We have all been guilty of eating when we are not really hungry. For example have you ever grabbed a sack of cookies and downed them with a glass of milk but felt no satisfaction afterward? Or have you found yourself staring into space at work and all at once you just want something to eat? You do not feel hungry, you just want to eat. The truth is you may have eaten for a reason other than your body needing nourishment. Michelle May, M.D., the author of Eat What You Love, Love What You Eat, says we need to pay attention to signals for hunger before we eat.
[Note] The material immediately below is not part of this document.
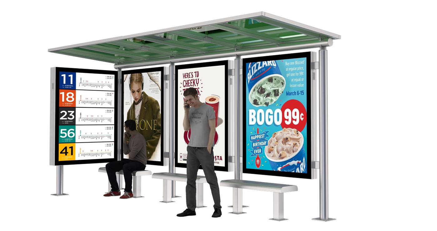 Bus Shelter with Map Display is a classic-style urban transit facility forged from premium galvanized steel, boasting superior corrosion resistance and enduring sturdiness to stand up to diverse outdoor urban conditions. This timeless shelter features a clear map display panel for easy passenger navigation, paired with four advertising light boxes that offer ample commercial and public information display space. It retains the classic design’s refined practicality, with a solid structure that provides a safe, comfortable waiting area for commuters. Blending functional utility with classic aesthetics, it’s a reliable, well-rounded choice for municipal public transportation infrastructure.

Do you ever down a snack and feel zero satisfaction afterward? Or find yourself wanting to eat while staring off into space at work? Then there’s a good chance that you’ve eaten for a reason other than your body needing nourishment. “Hunger is your body’s fuel gauge,” says Michelle May, M.D. “The trick is to pay attention to the signals for hunger before you eat. It’s like checking your fuel gauge before getting off the highway for gas.” Dr. May suggest trying this:
Pause Before You Eat
“The key is awareness. When you feel like eating, always pause in that moment between wanting to eat and actually eating.” This is where you’ll figure out if you’re hungry or just bored, tired, stressed, or thirsty. May says you shouldn’t necessarily be eating every two or three hours like some experts suggest—only when you’re truly hungry—but that you can check in every two or three hours if you’re busy and often forget to eat until you’re starving. “Letting your body get to the point of famished is also dangerous,” she says.
Do a Body-Mind-Heart Scan
You can look to three different areas to determine whether you need to eat or whether you just want to eat: “I recommend doing what I call a body-mind-heart scan,” she says. For body, May says you should start scanning from head to toe and just notice the various sensations in your body. Often tension, like in the neck and shoulders, can signal anxiety or stress, not hunger. For mind, if your productivity is down and you find yourself wondering about what’s in the break room or where you’ll eat your next meal, you’re probably not hungry, you might just be bored. For heart, listen to your emotions. Are you feeling tired from a late night out or stressed about a work deadline? Your anxiety might be provoking “head hunger,” says May. “Do this before you start to eat,” she says. “If you’re not truly hungry, you’ll start to eat and not feel satisfied [since you’re not addressing the true root of the problem], causing you to eat more and more.”